Finances

Un budget d'austérité

Avec la politique monétaire, le budget a été l'instrument privilégié du « rétablissement des grands équilibres » souhaité par le gouvernement.

La loi de finances initiale pour 1969 comportait un excédent des dépenses totales sur les recettes totales de l'État (impasse) de 6,4 milliards de francs, malgré les économies décidées au lendemain de l'alerte monétaire de novembre 1968. Toutes les mesures prises après mai 1968 : relèvement des traitements des agents de l'État, augmentation des effectifs de l'Éducation nationale, etc., pesaient, en effet, sur le budget de 1969.

Depuis la formation du nouveau gouvernement, en juillet 1969, le budget a été exécuté de manière rigoureuse. On a freiné le gonflement des dépenses : moins de 2 milliards de francs d'augmentation entre la loi de finances rectificative et la loi de finances initiale. En juillet 1969, V. Giscard d'Estaing, nouveau ministre des Finances, a créé un Fonds d'action conjoncturelle (FAC), auprès duquel il a mis en réserve 5,2 milliards de crédits gelés sur les investissements prévus à l'origine.

Du côté des ressources, de très importantes plus-values ont été réalisées par rapport aux évaluations initiales (+ 4,8 milliards). Elles ont été sécrétées, pour les trois quarts, par les excellents résultats de 1969 et même de 1968, le reste étant fourni par certaines majorations d'impôts décidées après la dévaluation du franc d'août 1969.

Freinage des dépenses et progression des recettes, ce double mouvement a permis de réduire l'impasse finale de 1969 à 3,4 milliards, chiffre le plus bas depuis 1958 (1964 et 1965 excepté).

Restrictions sévères

La loi de finances initiale pour 1970 a porté davantage encore la marque de l'austérité voulue par le ministre des Finances ; elle se traduit aussi bien dans l'évolution des dépenses que dans celle des ressources.

L'augmentation des dépenses de 1969 à 1970 est limitée à 6,3 % (prêts non compris), chiffre très inférieur à l'augmentation prévue de la production nationale ; de 1968 à 1969, les dépenses avaient progressé de plus de 16 %.

Les dépenses civiles de fonctionnement et les dépenses militaires augmentant de 9,3 % et de 4,7 %, l'effort de compression porte essentiellement sur les dépenses civiles d'équipement ; elles sont en baisse de 5,6 %en ce qui concerne les opérations à caractère définitif (– 7,6 % si l'on exclut les comptes d'affectation spéciale) ; les prêts du Fonds de développement économique et social (FDES) sont réduits de 6,2 %. Si l'on fait intervenir, en outre, la hausse de prix de 1970 (de l'ordre de 5 % en moyenne), qui a rogné d'autant les crédits accordés, on mesure combien les restrictions budgétaires décidées pour 1970 sont sévères.

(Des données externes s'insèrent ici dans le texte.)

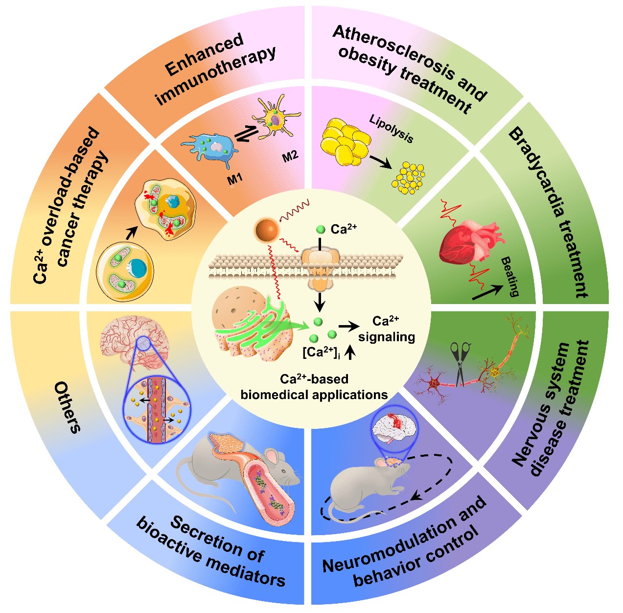 根据Ca2+信号广泛的应用潜力,作者将其细分为Ca2+过载引起的肿瘤治疗、Ca2+信号强化的免疫响应、粥状动脉硬化和肥胖治疗、心率过慢治疗、神经退行性疾病治疗、动物运动行为调控、生物活性调节剂释放等方面。在该部分,作者着重探讨了在不同细胞中Ca2+信号调控的下游效应器、激活的信号通路和产生的生物学结果,详尽地分析了技术应用的局限性与未来发展趋势。
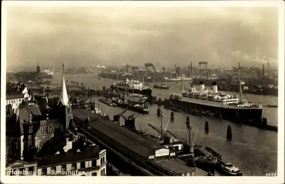 Ak Hamburg, Jonashafen, Dampfschiffe
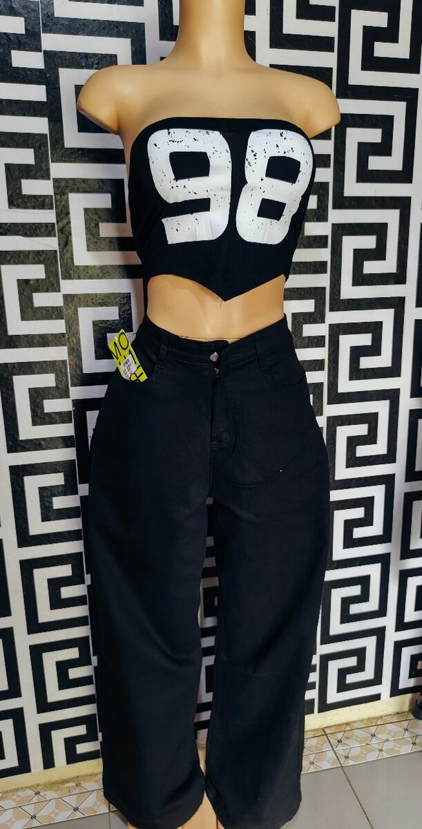 Ensemble jean's et top court noir "98" pour femme, design moderne et sportif, idéal pour un look tendance. Parfait pour les sorties ou les événements décontractés. Matière confortable et légère.
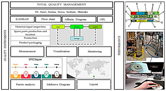 Toyota coined the phrase “Lean Manufacturing” to remove waste or non-value-added operations from a manufacturing process. Positive benefits have been established in achieving production efficiency and reducing waste through the implementation of lean manufacturing techniques such as the 5S method. Shahriar et al. (2022) wrote that the lean manufacturing concept brings benefits in the area of ‘waiting’. The recommendation of the research was to use 5S, a lean manufacturing strategy, for reducing downtime. After implementation of 5S, the total operational time was reduced by 8% [38]. An important part of implementing quality instruments is the integration of the monitoring and visualization system as an instrument for the valuation of the quality of processes [39].
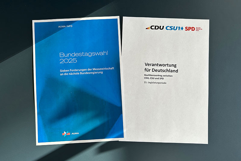 Der AUMA hat den am 9. April vorgelegten Koalitionsvertrag von Union und SPD entlang der gemeinsam mit den Mitgliedern entwickelten AUMA-Forderungen an die nächste Bundesregierung ausgewertet. Das Ergebnis ist erfreulich: Zahlreiche Forderungen der Messewirtschaft wurden von den künftigen Koalitionspartnern aufgegriffen.
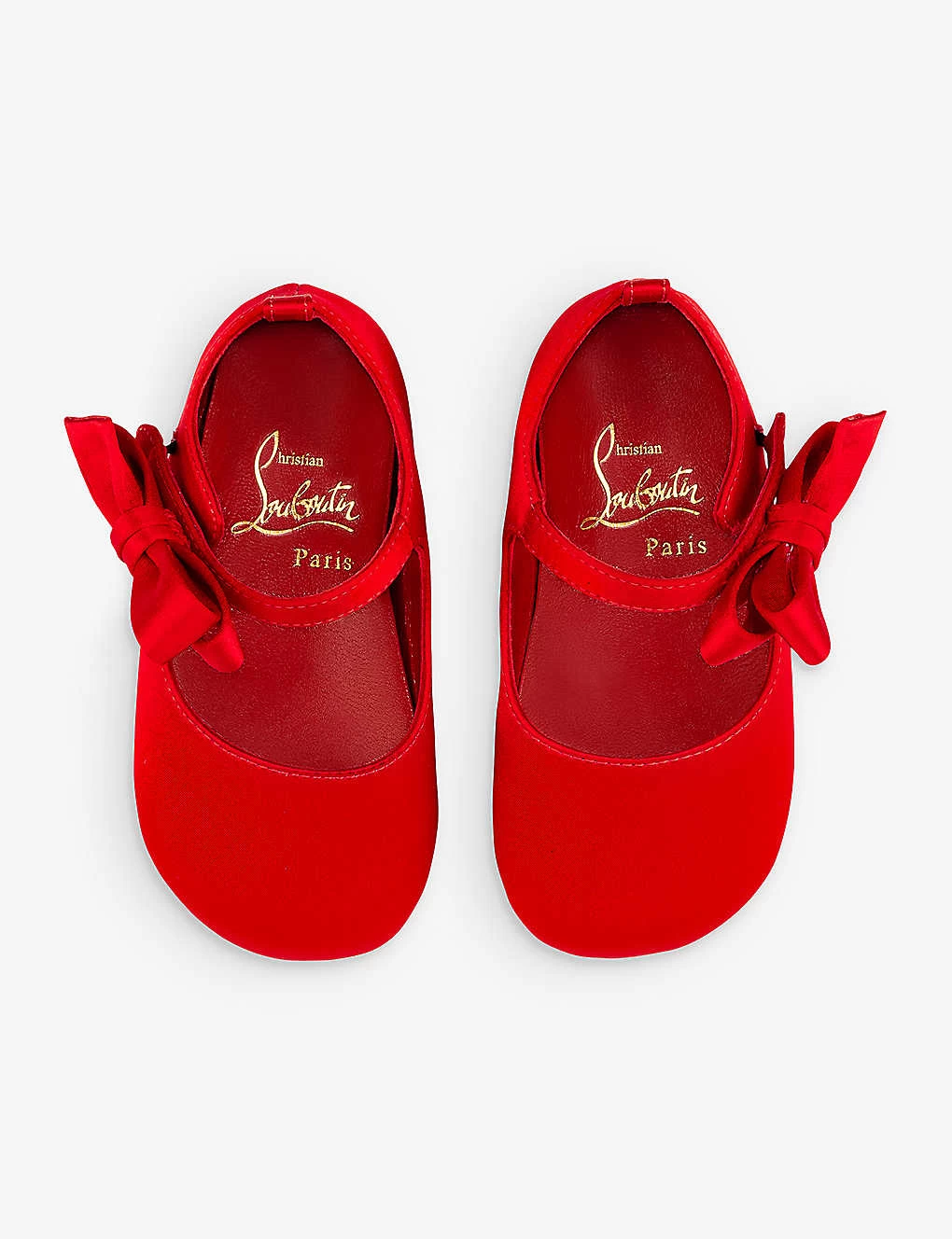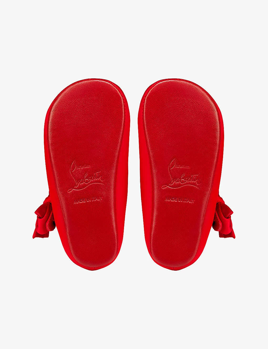 - Closed round toe, elasticated front strap, bow at strap, pull tab at heel, signature red sole
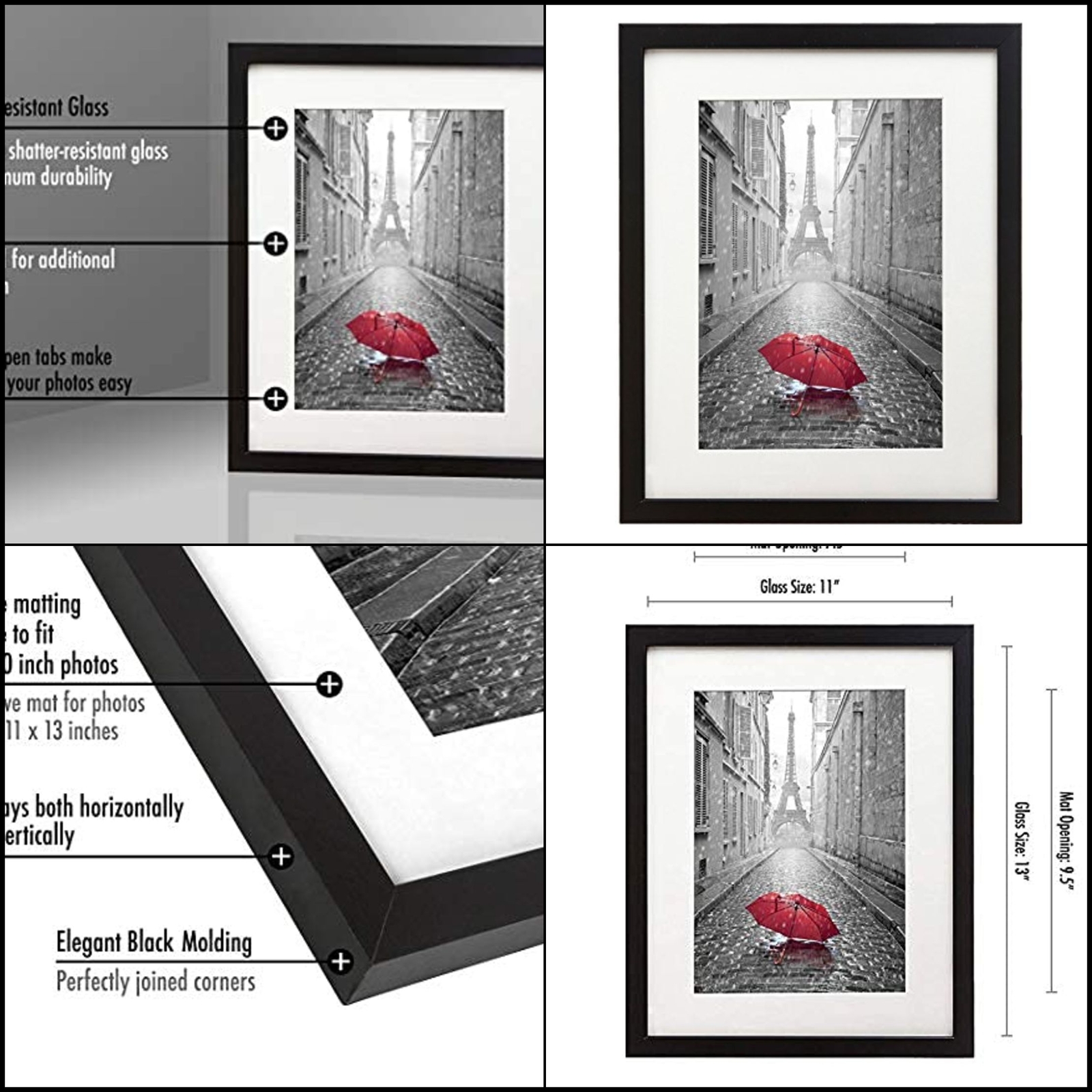 11x13 Picture Frame with Shatter-Resistant Glass - Use as 8x10 Frame with Mat...
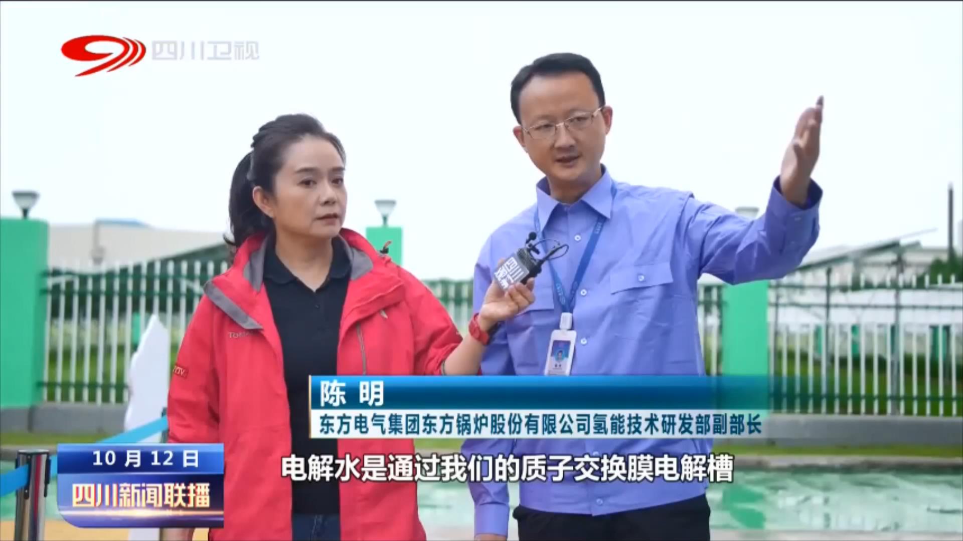 东方电气集团东方锅炉股份有限公司氢能技术研发部副部长 陈明:这是我们的质子交换膜电解水制氢系统。电解水是通过我们的质子交换膜电解槽,把我们的电能转换为氢气和氧气,供我们后续场景使用。这是我们的储氢系统 。
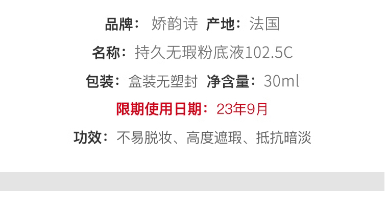 【商品名称】娇韵诗持久无瑕粉底液30ml 色号102.5C
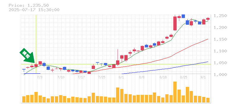 今後の展開としては、強い需給関係が続く限り、目標価格を1,200円以上に設定できるかもしれません。市場動向に注意しつつ、ポジティブな姿勢で臨むことをお勧めします。
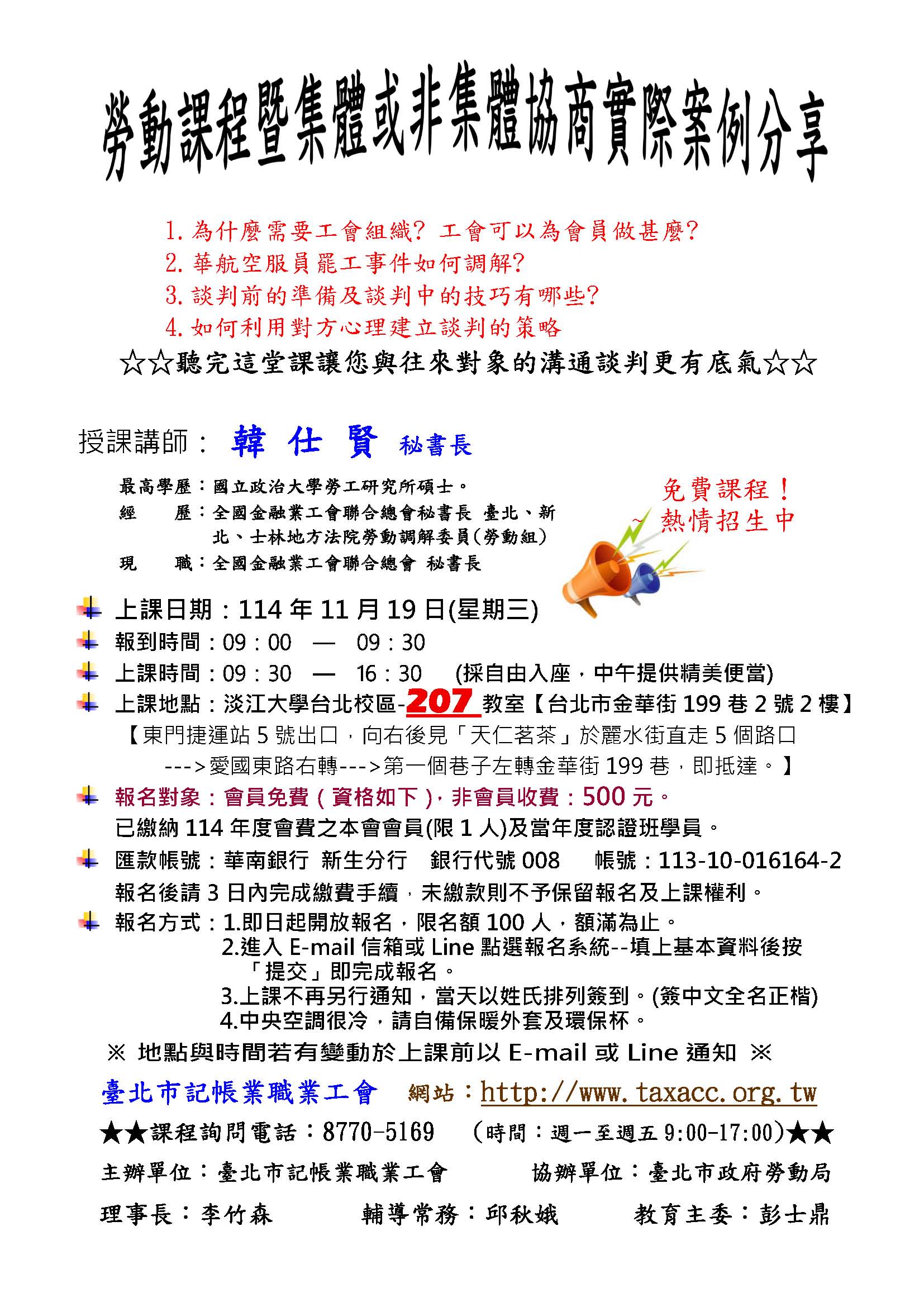 114年11月19日免費課程---韓仕賢老師主講 『勞動課程暨集體或非集體協商實際案例分享』

Freinage sur la conjoncture

Ce fléchissement de la dépense publique n'a pas manqué d'exercer un important freinage sur la conjoncture, avec un effet d'autant plus marqué, à terme, que les compressions portent surtout sur les dépenses d'équipement et non sur les dépenses de fonctionnement. Il est moins douloureux dans l'immédiat de réduire les investissements, mais leur sacrifice handicape la croissance future.

La procédure de mise en réserve au FAC a, de nouveau, été utilisée. Si, de préférence aux crédits de paiement, on examine les autorisations de programme (dont dépend la décision concrète d'entreprendre des travaux), on constate que près d'un dixième (2,2 milliards de francs) des investissements publics a ainsi été gelé. En excluant les sommes accordées à titre optionnel (c'est-à-dire thésaurisées au FAC), certains ministères apparaissent privilégiés : augmentation des dépenses pour l'aménagement du territoire, le téléphone, le Concorde et l'Airbus, les routes et enfin la force de frappe ; mais on enregistre une diminution pour la plupart des autres postes : HLM, écoles, équipements culturels et sportifs, investissements ruraux, hôpitaux et prisons.

Contrairement aux reproches qu'on a pu lui adresser dans le passé, l'État a donc montré l'exemple de l'austérité.